### [Task description]
I would like the lines below, from the one with "casas en Marnay?" through the one with "Cute Christmas Bird", copied exactly and without any pictures.

□ □ □ □ □

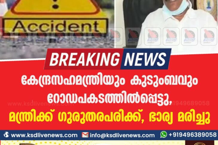 flash newsദേശീയം കേന്ദ്രസഹമന്ത്രിയും കുടുംബവും റോഡപകടത്തിൽപ്പെട്ടു , മന്ത്രിക്ക് ഗുരുതരപരിക്ക് , ഭാര്യ മരിച്ചുJanuary 11, 2021
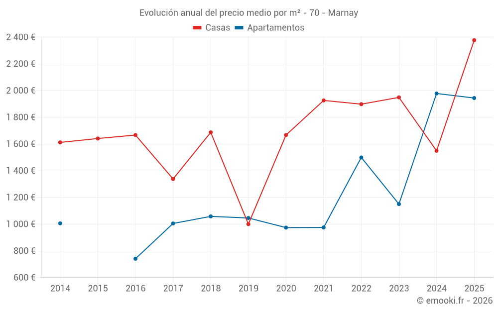 ¿Cuál es el precio por m2 de las casas en Marnay?
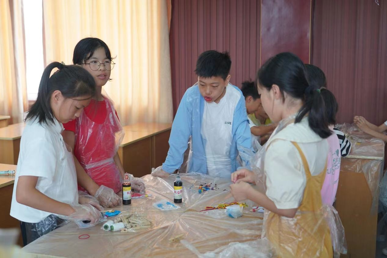 寧波大學教師教育學院7月26日訊(通訊員 陳魏)在夏日的溫柔光影里,寧波大學教師教育學院“遇見小分隊”攜手共青團象山縣委,踏入了象山縣非物質文化遺產館的深邃殿堂,編織了一場場關于傳統與青春交織的美妙夢境。這不僅是一次對國家非物質文化遺產保護與傳承政策的深情響應,更是在教育“雙減”的春風下,探索多元化教學模式、豐富學生精神世界、點亮青春色彩的生動實踐。在這里,古老的扎染藝術與靈動的魚燈制作,如同兩股清泉,在校園的每一個角落潺潺流淌,繪就了一幅幅色彩斑斕、意境悠遠的青春畫卷。
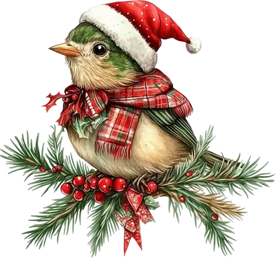 Cute Christmas Bird DTF Transfer with Santa Hat & Scarf
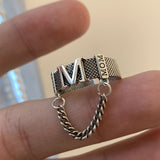 This exquisite ring features a unique vintage design crafted from authentic 925 sterling silver. Highlighting a distinctive letter 'M' integrated with a chic chain motif, it embodies understated luxury and individuality.
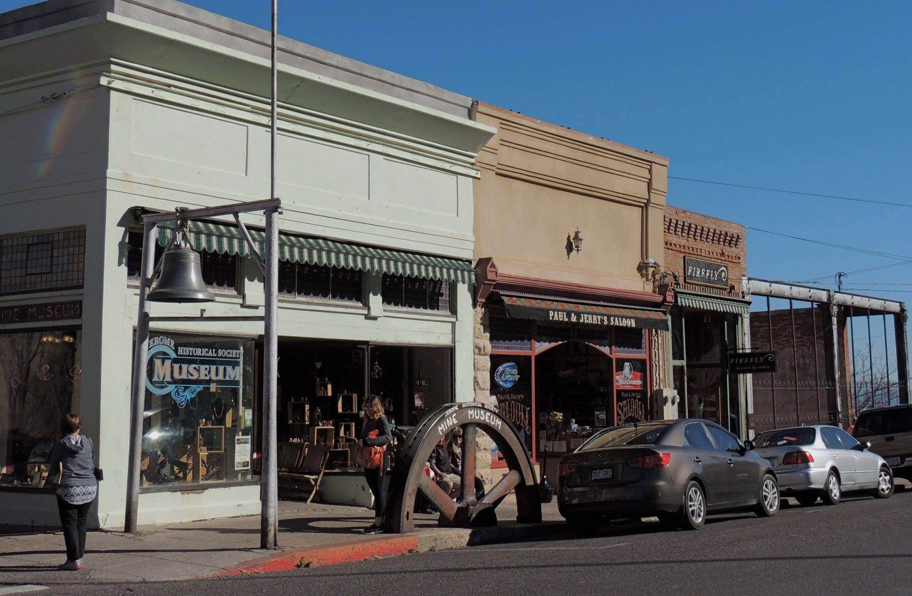 Jerome, with a population of about 450, was once home to one of Arizona’s largest copper mines and is now an artist hub. Tourists take in its scenic views and visit stores and bars along the winding mountain road that passes through it.
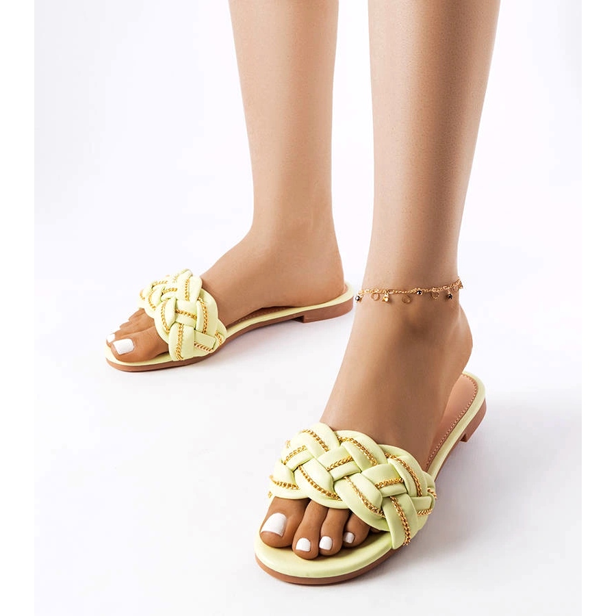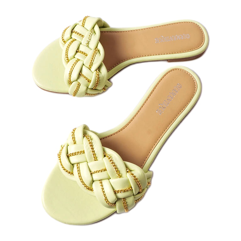 Correra: chanclas verdes, elegantes que debes tener este verano. Su característica superior trenzada con una cadena sutil le da al estilo un estofado de moda y femenino y las mezclas verdes universales perfectamente con vestidos de verano, juegos de linaza o pantalones cortos de mezclilla.

□ □ □ □ □

### [Solution for this task]
 ¿Cuál es el precio por m2 de las casas en Marnay?
 寧波大學教師教育學院7月26日訊(通訊員 陳魏)在夏日的溫柔光影里,寧波大學教師教育學院“遇見小分隊”攜手共青團象山縣委,踏入了象山縣非物質文化遺產館的深邃殿堂,編織了一場場關于傳統與青春交織的美妙夢境。這不僅是一次對國家非物質文化遺產保護與傳承政策的深情響應,更是在教育“雙減”的春風下,探索多元化教學模式、豐富學生精神世界、點亮青春色彩的生動實踐。在這里,古老的扎染藝術與靈動的魚燈制作,如同兩股清泉,在校園的每一個角落潺潺流淌,繪就了一幅幅色彩斑斕、意境悠遠的青春畫卷。
 Cute Christmas Bird DTF Transfer with Santa Hat & Scarf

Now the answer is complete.